This is the first of a monthly column, De Olho em Brasilia (Watching Brazil), authored by Andresa Porto and published by the Working Group on Intellectual Property (GTPI).
I, along with all of Brazil’s civil society, have been closely monitoring the first actions taken by Bolsonaro’s administration. Its first Provisional Measure (MPV 870) comes with great concern for the legal position and autonomy of civil society entities, required to operate effectively and without interference. Article 5, II provides legal grounds for the supervision, coordination and monitoring of international organizations and non-governmental organizations.
Another important decision was the creation of the Special Secretariat of Social Articulation, within the Secretariat of Government. It is responsible for proposing the mechanisms for social participation, cooperation and agenda with civil society. In addition, the Special Secretariat for Governmental Relations of the Civil House is yet another introduction by the new administration. It will connect the government with civil society with a role around dialogue with “ministries and other organisms and entities of the federal public administration”. This new body differs from the traditional Parliamentary Affairs Sub-Committee (Art. 18), which discusses with, and advises, the legislative houses.
In this first month of the new government, the structure and composition of the ministries are being finalized. As promised during the election campaign, many positions are being filled by figures who have no history of political activity, many of which are connected to the military, and/or to ‘Operação Lava Jato’, an ongoing corruption investigation.
Civil society will continue monitor these new steps and new positions and analyze what the implications may be for civil society and access to medicines.
Davos and Brumadinho
Bolsonaro’s first international appearance as president was at the World Economic Forum in Davos, Switzerland.
Bolsonaro used his speech at the forum to refer positively to political allies and representatives of national private banks. The feeling of distrust that this created was reinforced by the cancellation of the press conference by the government’s economic team the following day.

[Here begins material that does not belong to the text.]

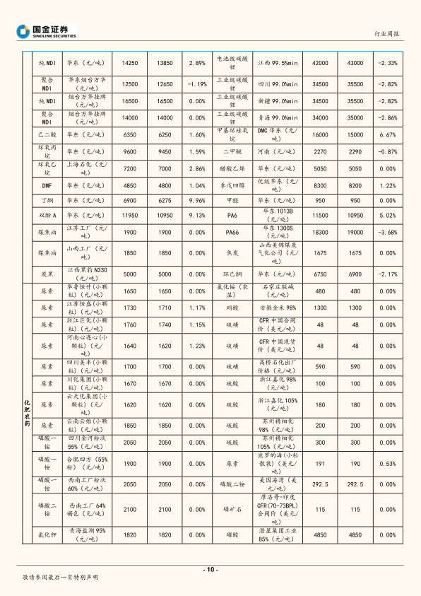 基础化工行业研究:农药价格疲软,MDI、维生素维稳运行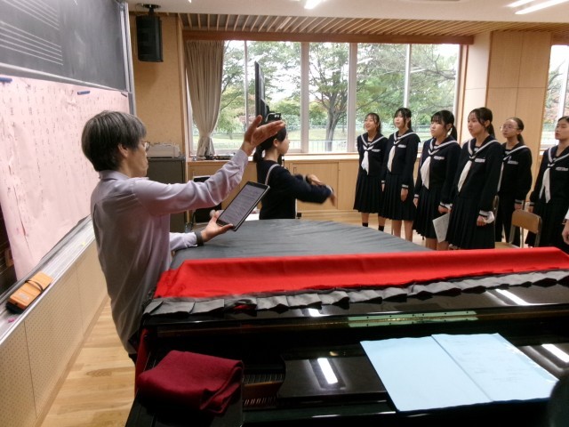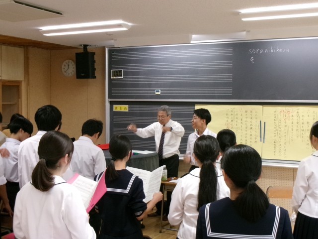 今年も、地域の合唱団「合唱団おおやま」谷崎千鶴さんがご指導くださいます。今日は2年生の2クラスを見てくださっています。

The debate over Bolsonaro’s representation at the forum was interrupted by the tragedy at Vale’s Brumadinho mining dam. This loss of life demonstrates how vital a serious and responsible debate on environmental licensing and inspection is. The presidential discourse on deregulating the environmental industry could have further consequences and cannot be allowed to happen.
January was also marked by the resumption of legislative activity – including the forming of the parliamentary blocs, as well as election of the most important legislative seats being disputed.
Rodrigo Maia (DEM / RJ) and Davi Alcolumbre (DEM / AP) were elected presidents of the House of Representatives and the Federal Senate, respectively. This consolidates a favorable scenario for the Executive and the desired economic reforms, which would include cutting rights and introduce more insecurity for the workforce.
A second very important phase now is open: the composition and chairing of thematic commissions. The opposition bloc has 97 parliamentarians, far behind the bloc led by the party of the President of the Republic which has 301 members. The distribution of the chairs of the thematic committees depends on the size of the party blocs established at the beginning of the legislature. This year the largest bloc will have preference in choosing the first 10 commission presidencies.
It is expected that during the next few months, the new National Congress will be attempting to balance or align moral and economic issues, to try and maintain a good relationship between the base and the new government.